Exercise 1: Massaging muscles:
Perform gentle massage on the sternocleidomastoid and trapezius muscles on the side of the neck that is tilted.
Patient position:
Place the baby on the mother's lap, the child's shoulders coincide with the edge of the thigh, the baby's head is supported by the mother's hand, the neck is stretched and tilted to the right side, facing the side of the neck.
Technique:
One hand of the mother to support the baby's head The other hand uses the thumb or index finger and middle finger to gently rub along the sternocleidomastoid muscle or on the fibroma, taking care not to press too hard on the skin to avoid swelling and redness. painful for children. Exercise 2: Stretching sternocleidomastoid muscle:
Perform 3 times a day, after massaging, the mother stretches by hand gently, slowly, by pushing tilt and turning the head to bring the baby gently towards the opposite side. perform while the child is sleeping or playing, relax completely and stop as soon as the child resists.
Patient position:
Place the patient in a position for muscle massaging.
Technique:
The mother supports the baby's head with both hands in a comfortable position to help the baby not cry or struggle, Perform stretching by bringing the baby's head to the supine position -> gradually turn the baby's face to the opposite side Perform a slow stretch, the mother feels the moderate tension of the muscle being stretched, then immediately stops for 5 seconds and then brings the baby's head back to the neutral position.
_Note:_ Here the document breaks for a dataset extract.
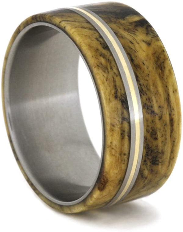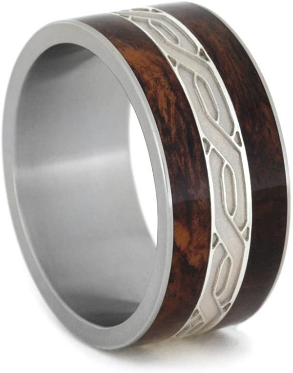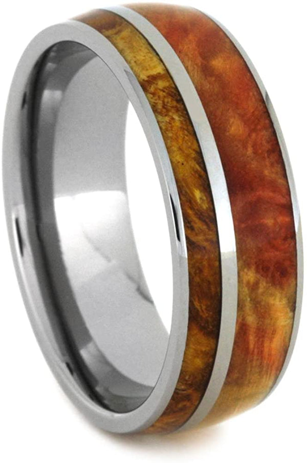 Amboyna Burl Wood 10mm Comfort Fit Titanium Wedding Band, Size 8.25

Stretching combined with alternating massage during the treatment. Exercise 3: Stretching with posture.
Feed the baby from the breast opposite the side of the disease to stimulate the baby to turn the head to the affected side to help stretch the muscles to increase neck range of motion (for example, a baby with right muscle should feed on the mother's left breast) Holding the baby lying down Tilt and tilt the head to the healthy side (diseased side below). Put the baby's head in a neutral position when sleeping, place 2 towels on either side of the head. When the baby is lying on one side, place a small pillow on the head on both sides. Exercise 4: Active stretching:
Use colorful toys to stimulate the child to actively rotate his head in the prone position, lying on his back to achieve a symmetrical position.
Points to note
Do not put the head to rotate when the baby sleeps on either the healthy side or the sick side as some documents write because it will cause more neck flexion (if the head is rotated on the sick side) or the child is pinched. breathing (if the head is turned to the right side). The above three exercises are performed until the child has achieved the same range of neck motion on both sides. The tumor will disappear on its own when the child is 6-8 months old. Stretch gently, do not stretch to the maximum immediately, but slowly stretch. Do not exercise when the child cries, resists Exercise before feeding 4.2 Surgical treatment Usually applied to children over one year old, after receiving active conservative treatment, correct method for more than 6 months without any results. fruit. Usually surgery to cut both lower ends of the sternocleidomastoid muscle, then fix the plaster for 3-4 weeks and continue rehabilitation with physical therapy.